Optimized Data Warehouse Queries

Star schemas and star queries are common in data warehousing applications. A star query joins a large central table, called a fact table, to one or more smaller tables, called dimension tables. SQL Server 7.0 recognizes these queries automatically and makes a cost-based choice among multiple types of star join plans.

Query Execution

Query execution** **is the process of executing the plan chosen during query optimization. The objective is to execute the plan quickly by returning the answer to the user (or more often, the program run by the user) in the least amount of time. This is not the same as executing the plan with the fewest resources (CPU, I/O, and memory). For example, a parallel query almost always uses more resources than a nonparallel query, but it is often desirable because it returns the result more quickly.

Query execution is presented before query optimization because the set of available execution techniques determines the set of choices available to the optimizer. The techniques include disk I/O, sorting, join and hash operations, index intersections, index joins, and parallelism.

Disk I/O

The foundation for efficient query processing is efficient data transfer between disks and memory. SQL Server 7.0 incorporates many improvements in disk I/O.

Sequential I/O vs. Random I/O

Disk I/O is one of the more expensive computer operations. There are two types of disk I/O: sequential I/O, which reads data in the same order as it is stored on the disk, and random I/O, which reads data in random order, jumping from one location to another on the disk. Random I/O can be more expensive than sequential I/O, particularly when large amounts of data are involved.

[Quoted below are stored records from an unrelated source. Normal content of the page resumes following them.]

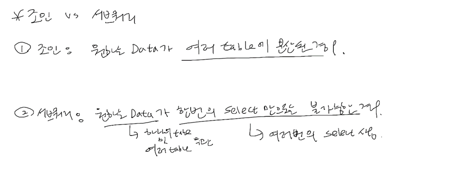 Subquery 역시 분산된 데이터를 취합하기 위해 사용되는 문법이나 JOIN과 다른 목적으로 사용되게 된다.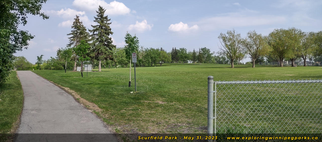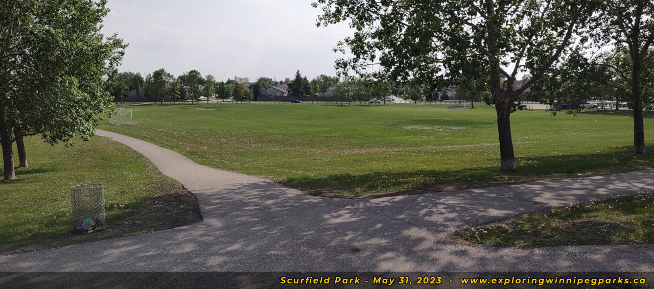 Welcome to Scurfield Park! Visitors can wander into the park off Columbia Dr, where several athletic fields await. Facing north.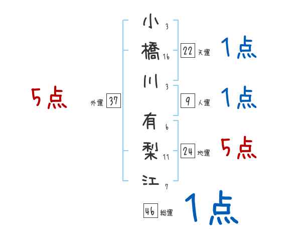 外運![]() | 小橋川有梨江さんの外運は37画の5つ星!努力家で順応性に優れる。現実的な考え方ができ忠実に物事をこなす。 生活面を象徴する運勢です。外部から受ける影響力を表し、結婚運、家庭運や職場、環境への順応性を表します。 |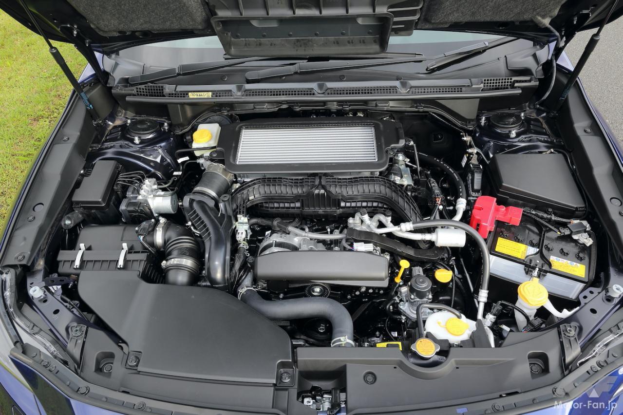 写真:エンジン形式:水平対向4気筒DOHCターボ エンジン型式:CB18 排気量:1795cc ボア×ストローク:80.6mm×88.0mm 圧縮比:10.4 最高出力:177ps(130kW)/5200-5600rpm 最大トルク:300Nm/1600-3600rpm 燃料供給:筒内燃料直接噴射(DI) 使用燃料:レギュラー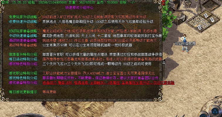 新人创业乐园:蚂蚁洞是升级跟打装备回收元宝最快的地图,天外飞石在盛大陈天桥那经验兑换可以换1亿经验,升级嗷嗷快!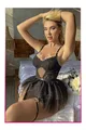Ensemble 4 pièces fantaisie avec jarretelles, dentelle noire et chaînes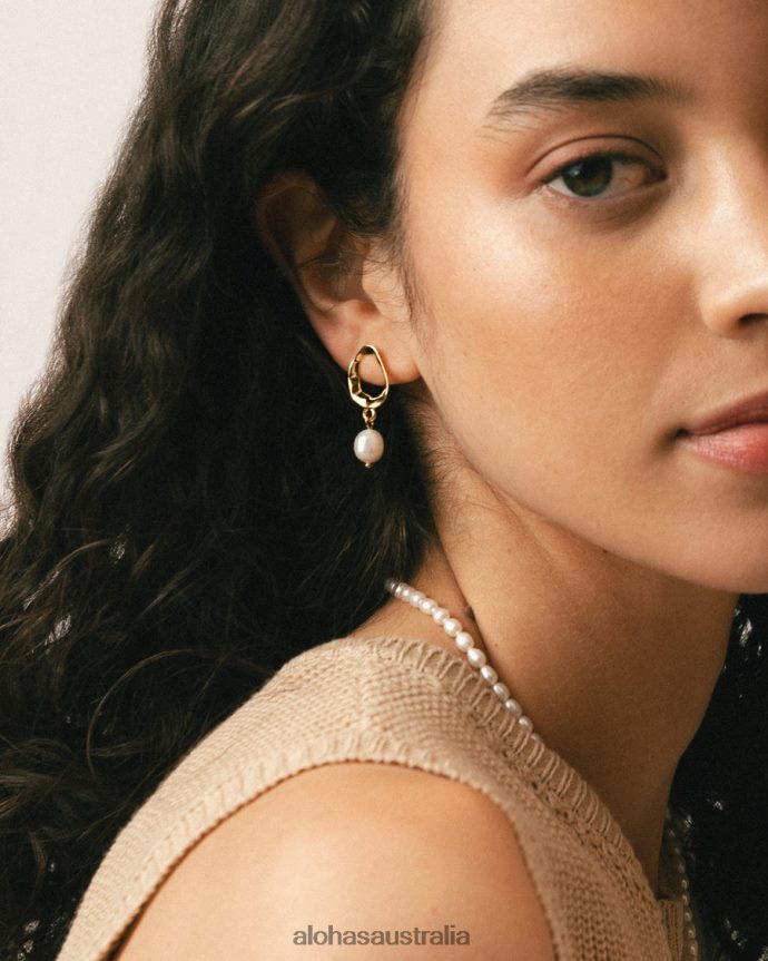 Harnessing the beauty of pearls to bring out your best glow – that’s the Cocoa earrings. This dangling duo is like no other – irregular waves define the sculptural silhouette of the gold studs, while swinging beads suspend from a short drop. Give them their time to shine together with our Simple necklace to match.

Microsoft SQL Server 7.0 maintains an on-disk structure that minimizes random I/O and allows rapid scans of large heap tables. These are tables without a clustered index, meaning that the data rows are not stored in any particular order. This is an important feature for decision support queries. Such disk-order scans can also be employed for clustered and nonclustered indexes if the index's sort order is not required in subsequent processing steps.

Earlier versions of SQL Server use a page chain, in which each page has a pointer to the next page holding data for the table. This results in random I/O and prevents read-ahead because, until the server reads a page, it does not have the location of the next page.

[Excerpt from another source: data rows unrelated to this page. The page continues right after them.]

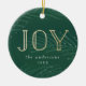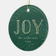 Add a personalised touch to your tree with our Winter Branches holiday ornament. The Christmas ornament features "Joy" in faux gold foil lettering against a green watercolor background with pine branches and snow. Personalise the ornament by adding your name, the year, and a photo on the back.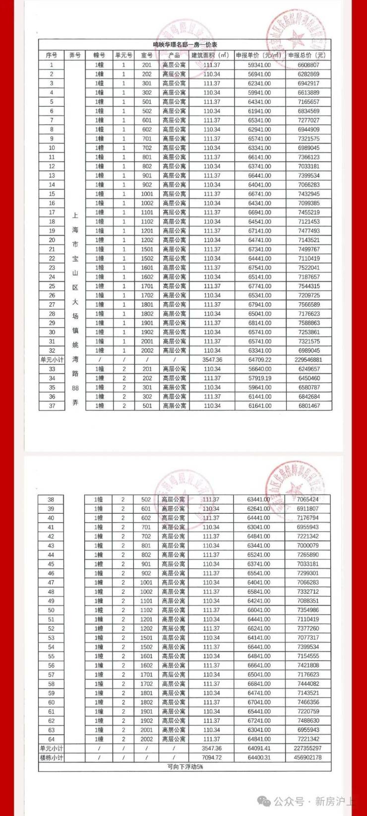 一房一价表如下: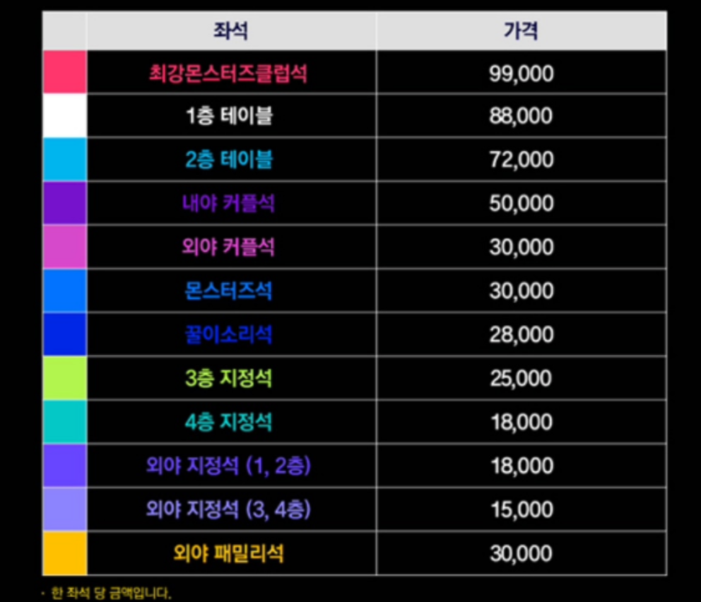 티켓가격이 제대로 나오지 않았지만 저번 2번째 직관 때의 좌석별 가격표를 참고해주세요.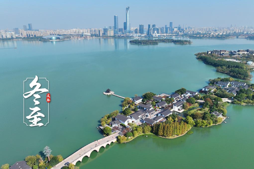 江苏省苏州工业园区金鸡湖中李公堤冬景如画。(无人机照片)CICPHOTO/王建中 摄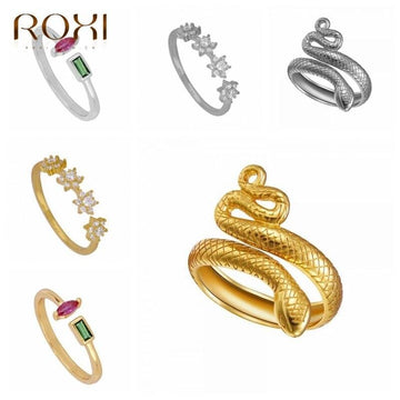 ROXI Copper Snake Open Rings for Women Girl Cool Party Jewelry Anillos Crystals Engagement Ring Irregular Adjustable Finger Ring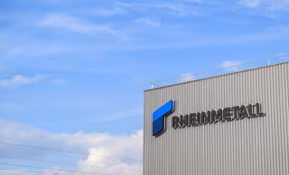Archivo - FILED - 27 August 2025, Lower Saxony, Unterluess: A logo hangs on Rheinmetall's new artillery plant. Photo: Julian Stratenschulte/dpa - Julian Stratenschulte/dpa - Archivo

SQL Server 7.0 takes a different approach. An Index Allocation Map (IAM) maps the pages used by a table or index. The IAM is a bitmap, in disk order, of the data pages for a particular table. To read all the pages, the server scans the bitmap, determining which pages need to be read in what order. It then can use sequential I/O to retrieve the pages and issue read-aheads.

If the server can scan an index rather than reading the table, it will attempt to do so. This is useful if the index is a covering index (one that has all the fields necessary to satisfy the query). The server may satisfy a query by reading the B-tree index in disk order rather than in sort order. This results in sequential I/O and faster performance.

Large I/O

In SQL Server 7.0, all database pages are 8 KB and data is read in 64-KB extents (in earlier releases these figures were 2 KB and 16 KB, respectively). Both of these changes increase performance by allowing the server to read larger amounts of data in a single I/O request. This is particularly important for very large databases and decision support queries, in which a single request can process large numbers of rows.

Scanning Read-Ahead

SQL Server 7.0 takes increased advantage of striped disk sets by reading multiple extents ahead of the actual query processor request. This results in faster scans of heap tables and B-tree indexes.

Prefetch Hints

Disk-order scans speed up scans of large amounts of data. SQL Server 7.0 also speeds up fetching data using a nonclustered index.

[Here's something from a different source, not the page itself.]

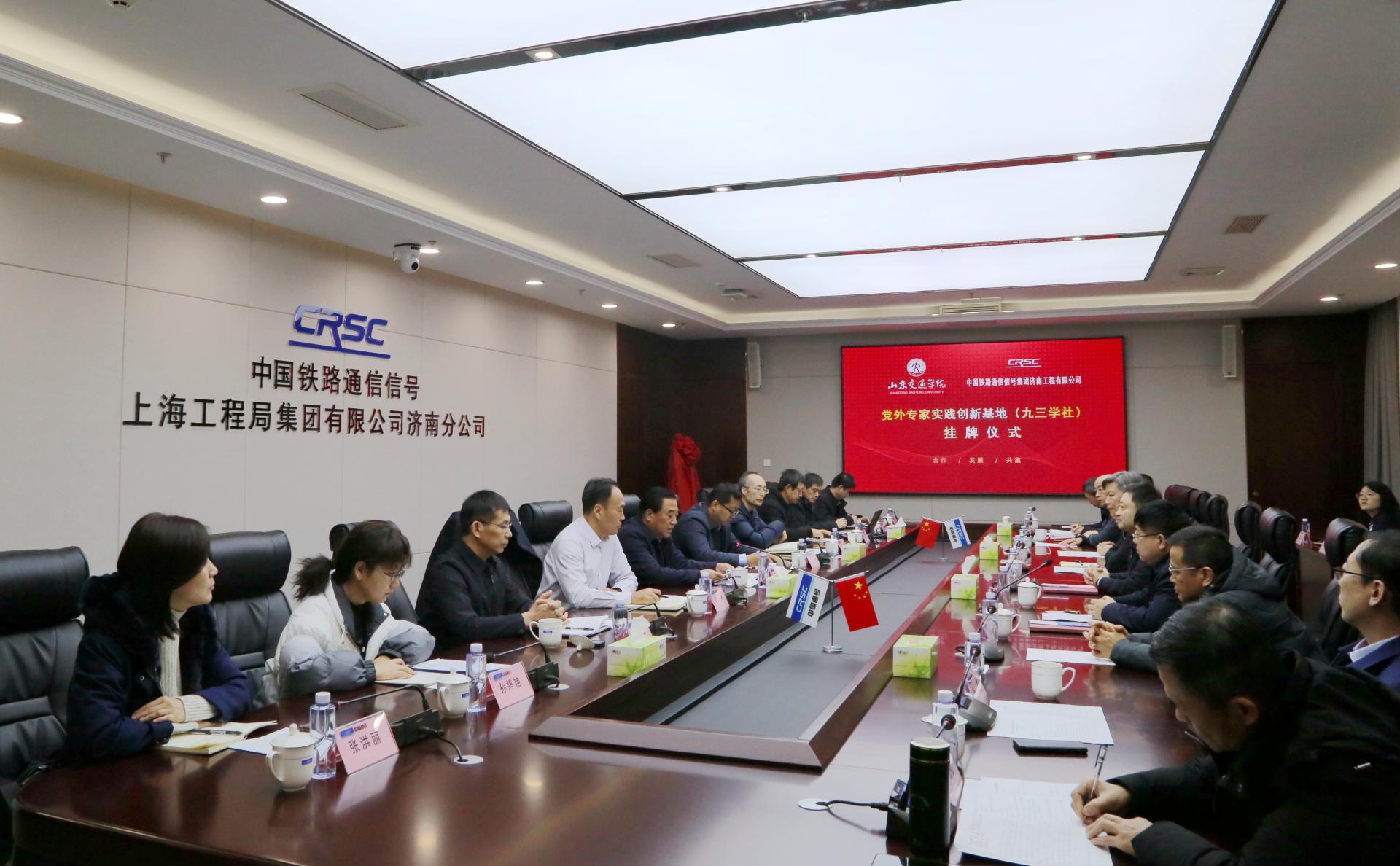 1月8日,学校党外专家实践创新基地(九三学社)揭牌仪式在中国铁路通信信号集团济南工程有限公司会议室举行。学校党委书记王焕斌、中国铁路通信信号集团济南工程有限公司党委书记谢德胜出席活动。

When searching for data using a nonclustered index, the index is searched for a particular value. When that value is found, the index points to the disk address. The traditional approach is to issue immediately an I/O for that row, given the disk address. The result is one synchronous I/O per row and, at most, one disk at a time working to evaluate the query. This does not take advantage of striped disk sets.

SQL Server 7.0 takes a different approach. It continues looking for more record pointers in the nonclustered index. When it has collected a number of them, it provides the storage engine with prefetch hints. These hints tell the storage engine that the query processor needs these particular records soon. The storage engine then can issue several I/O requests simultaneously, taking advantage of striped disk sets.

Sort Improvements

Many different areas of the query processor rely on the sort algorithms: merge joins, index creations, stream aggregations, and so on. Sort performance is dramatically improved in SQL Server 7.0.

Many internal improvements make each sort operation faster: simpler comparisons, larger I/O operations, asynchronous I/O, and large memory. In addition, SQL Server 7.0 pipelines data between a sort operation and the query operations on its input and output sides, thus avoiding query plan phases, which were traditionally used in SQL Server and require writing and scanning intermediate work tables.

Merge Joins, Hash Joins, and Hash Teams

SQL Server 6.5 uses nested loops iteration, which is excellent for row-to-row navigation such as moving from an order record to three or four order-line items. However, it is not efficient for joins of many records, such as typical data warehouse queries.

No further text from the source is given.